**PROBLEM STATEMENT**
Write out, word for word, every line in the data below from the one containing "Guest writer: Bruce" to the one containing "For more than", both of them included.

**Data records**
* * *
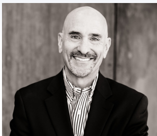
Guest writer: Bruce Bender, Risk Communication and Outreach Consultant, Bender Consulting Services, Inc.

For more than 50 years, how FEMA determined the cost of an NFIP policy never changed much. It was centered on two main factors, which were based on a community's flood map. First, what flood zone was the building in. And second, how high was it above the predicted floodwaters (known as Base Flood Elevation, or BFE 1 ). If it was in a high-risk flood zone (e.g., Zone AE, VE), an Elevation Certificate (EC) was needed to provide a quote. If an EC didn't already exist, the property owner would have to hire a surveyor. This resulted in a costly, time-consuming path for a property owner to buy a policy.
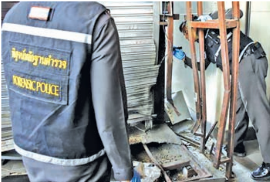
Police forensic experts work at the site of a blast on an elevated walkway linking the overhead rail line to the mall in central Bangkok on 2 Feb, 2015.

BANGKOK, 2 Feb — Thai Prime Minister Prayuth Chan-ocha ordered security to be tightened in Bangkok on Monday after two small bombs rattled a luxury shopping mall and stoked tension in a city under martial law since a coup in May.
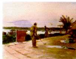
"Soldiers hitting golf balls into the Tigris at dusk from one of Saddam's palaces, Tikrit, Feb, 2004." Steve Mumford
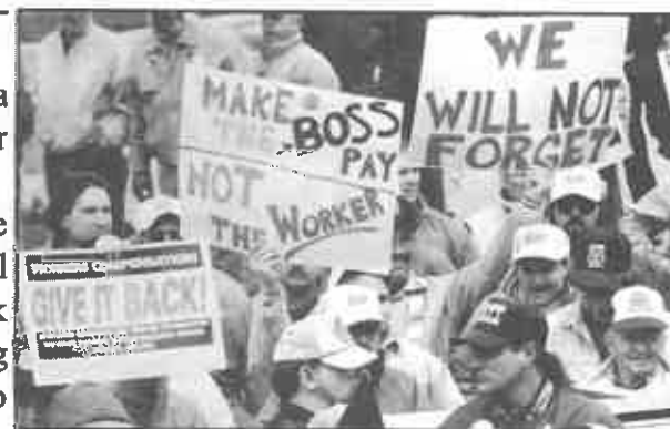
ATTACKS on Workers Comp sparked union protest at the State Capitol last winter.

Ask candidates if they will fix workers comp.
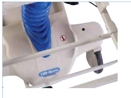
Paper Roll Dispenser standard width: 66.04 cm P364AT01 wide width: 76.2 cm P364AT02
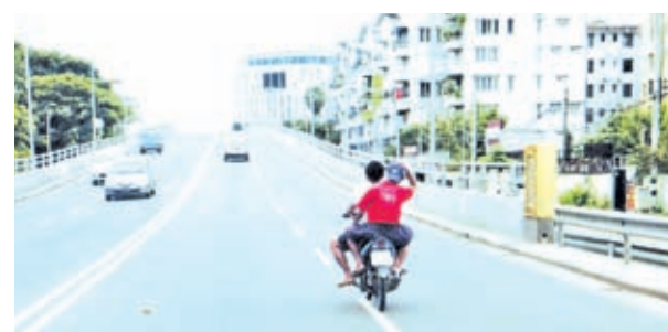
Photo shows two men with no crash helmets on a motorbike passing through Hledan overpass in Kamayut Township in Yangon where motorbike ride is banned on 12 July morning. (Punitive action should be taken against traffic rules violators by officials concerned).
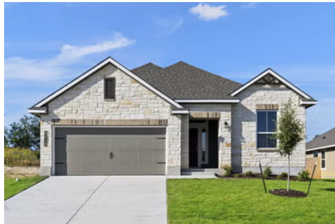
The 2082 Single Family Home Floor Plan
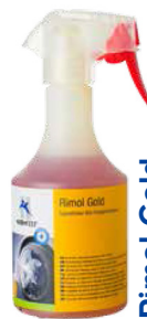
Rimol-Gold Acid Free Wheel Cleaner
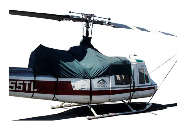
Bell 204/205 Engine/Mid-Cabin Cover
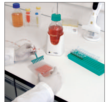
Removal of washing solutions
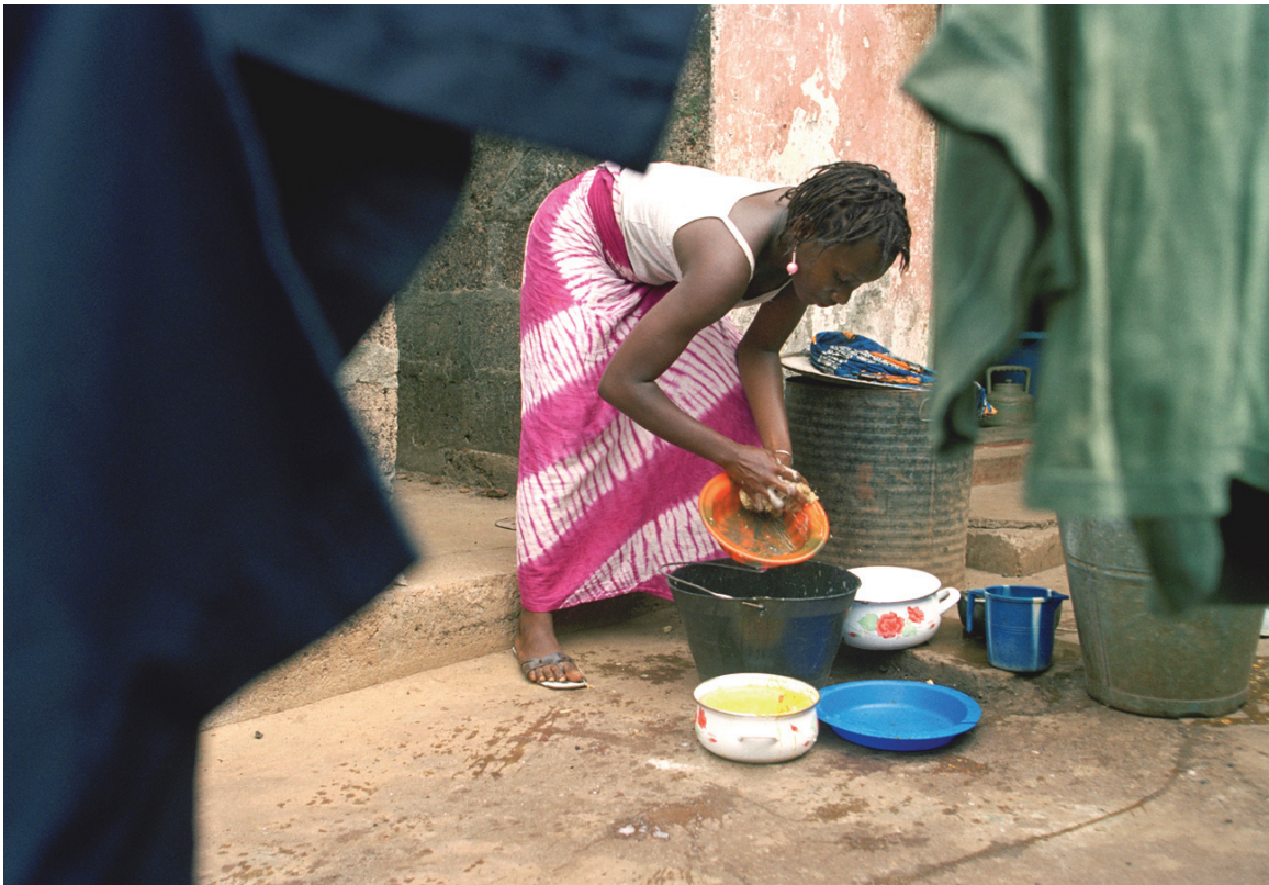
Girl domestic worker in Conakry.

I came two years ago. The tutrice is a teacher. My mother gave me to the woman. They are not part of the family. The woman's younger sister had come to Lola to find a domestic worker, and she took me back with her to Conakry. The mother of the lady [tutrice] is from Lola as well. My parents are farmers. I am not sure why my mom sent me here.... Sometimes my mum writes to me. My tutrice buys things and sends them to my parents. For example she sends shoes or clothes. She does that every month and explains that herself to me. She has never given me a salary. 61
* * *
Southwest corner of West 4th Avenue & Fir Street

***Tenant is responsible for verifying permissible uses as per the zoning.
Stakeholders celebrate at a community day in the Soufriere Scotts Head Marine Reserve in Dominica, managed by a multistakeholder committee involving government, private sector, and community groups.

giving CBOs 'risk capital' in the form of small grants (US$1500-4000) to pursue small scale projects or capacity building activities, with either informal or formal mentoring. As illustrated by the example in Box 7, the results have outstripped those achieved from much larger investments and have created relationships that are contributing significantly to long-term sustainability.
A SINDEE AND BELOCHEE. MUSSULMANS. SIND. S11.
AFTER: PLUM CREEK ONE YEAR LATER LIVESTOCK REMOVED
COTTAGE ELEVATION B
* * *
**FINISHED TASK**
Guest writer: Bruce Bender, Risk Communication and Outreach Consultant, Bender Consulting Services, Inc.

For more than 50 years, how FEMA determined the cost of an NFIP policy never changed much. It was centered on two main factors, which were based on a community's flood map. First, what flood zone was the building in. And second, how high was it above the predicted floodwaters (known as Base Flood Elevation, or BFE 1 ). If it was in a high-risk flood zone (e.g., Zone AE, VE), an Elevation Certificate (EC) was needed to provide a quote. If an EC didn't already exist, the property owner would have to hire a surveyor. This resulted in a costly, time-consuming path for a property owner to buy a policy.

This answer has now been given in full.